It is currently unclear whether TLS:CHOP inhibits differentiation of adipogenic committed precursors or commits mesenchymal precursors to an adipogenic differentiation program that is incapable of being completed. Given our previous demonstration that MRCLS corresponds to moderately differentiated MSCs differentiating along the adipocytic lineage (7), we sought to determine the baseline adipocytic differentiation of 52 genes in mouse TLS:CHOP-expressing tumors, using a high-throughput quantitative RT-PCR platform (Figure 3D and Supplemental Table 4). MSCs were extracted and RNA isolated from either WT, p53null, or pTCp53null mice (Supplemental Figure 5) at approximately 8 weeks of age. Based on the 79 adipocytic gene differentiation set previously described by us (7) for differentiating human MSCs, we here focused specifically on genes with direct mouse homologs (56 of 79) and for which quantitative RT-PCR primers/conditions could be worked out (52 of 56). Of the 52 adipocytic genes examined herein, 17 (33%) had significantly higher levels in pTCp53 tumors than in bone marrow–derived MSCs from WT mice or in p53 tumors; only 1 gene, KRT18, showed repeatedly lower levels in pTCp53 mice. This observation was in agreement with the overall pattern of baseline adipocytic differentiation (and thus loss of epithelial markers) seen in even the untreated tumors of pTCp53 mice. Thus, as we observed previously in human MRCLS (7), expression of TLS:CHOP in our mouse model at baseline promoted adipocytic differentiation.

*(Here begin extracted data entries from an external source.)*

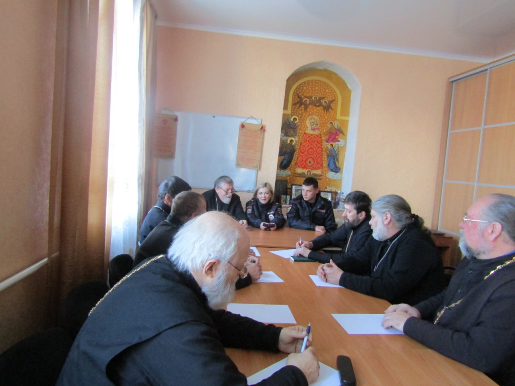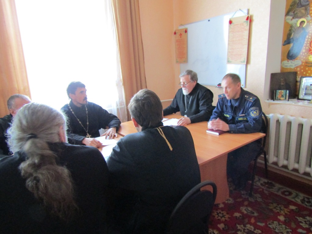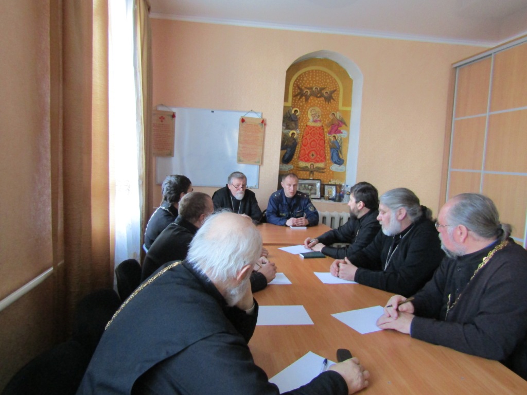 В работе собрания приняли участие представители пожарно-спасательной службы и полиции. Начальником пожарно-спасательной части № 45 города Мглина Александром Михайловичем Ломко до сведения духовенства была доведена информация и проведен инструктаж о мерах и правилах пожарной безопасности, а также о выполнении требований органов управления Государственной противопожарной службы на Приходах. Был выработан комплекс мер по обеспечению пожарной безопасности во время проведения праздников Пасхального периода в храмах.
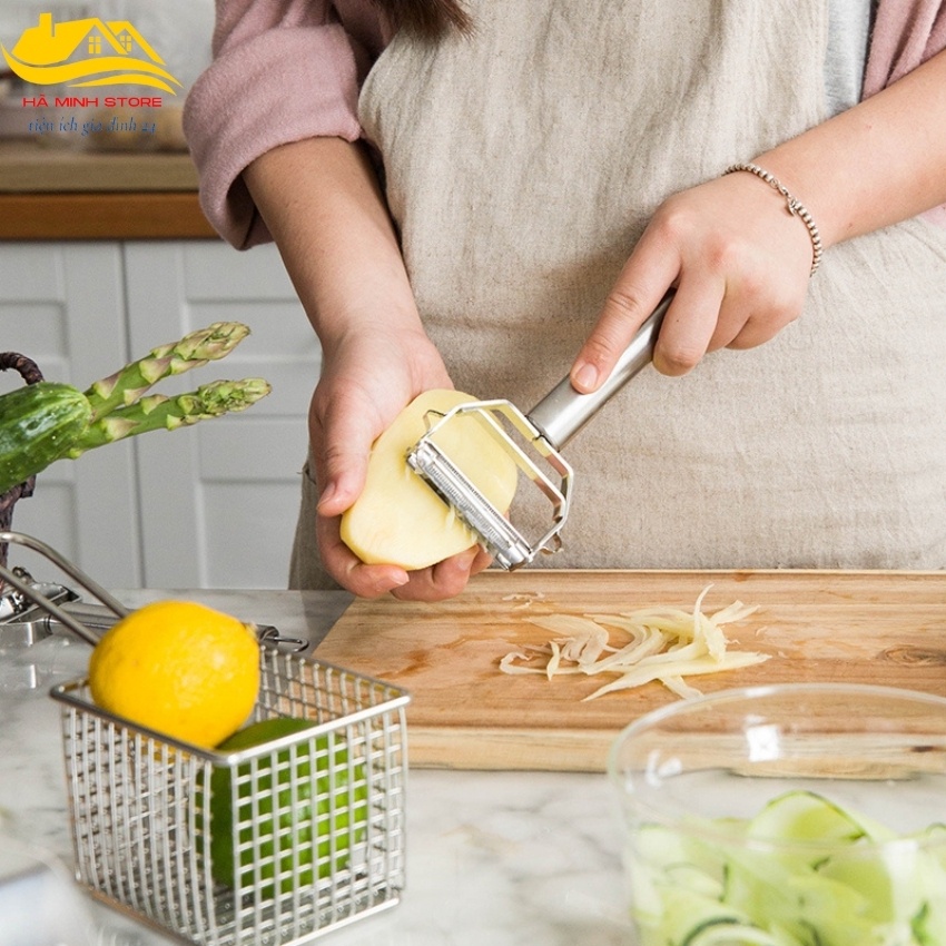 Nạo rau củ đa năng cầm tay bằng inox siêu bền, gọt rau củ đa năng 3 trong 1 tiện lợi - nạo củ quả inox Hà Minh Store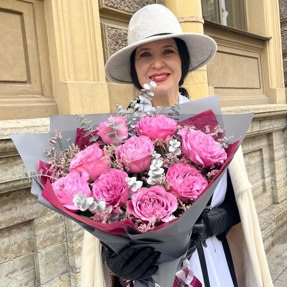 Моно букет из французской пионовидной розы

We next examined the effect of treating mice with ET-743 and RSG using the above-described adipocytic gene expression panel (Figure 3E). Mice were left untreated or treated as described above (n = 10 per group) for 4 weeks from initial tumor observation and then sacrificed, after which tumor RNA was recovered and analyzed via RT-PCR for relative expression. Treatment with ET-743 directly increased the expression pattern of some adipocytic genes dramatically (e.g., COL11A1); for others, partial increases were observed that were enhanced in the presence of RSG (e.g., FABP4). However, no gene expression increased with RSG alone. These data support the in vivo response data (Figure 3A); together, they suggest that RSG as a single agent cannot initiate an adipocytic program in MRCLS, but can accelerate an adipocytic differentiation program initiated by ET-743. This is also consistent with the data in Figure 3B, which demonstrated that only ET-743 initiated downregulation of TLS:CHOP, and RSG further enhanced the effect.

ET-743 induces CEBPα alone, and ET-743 in conjunction with RSG induces PPARγ.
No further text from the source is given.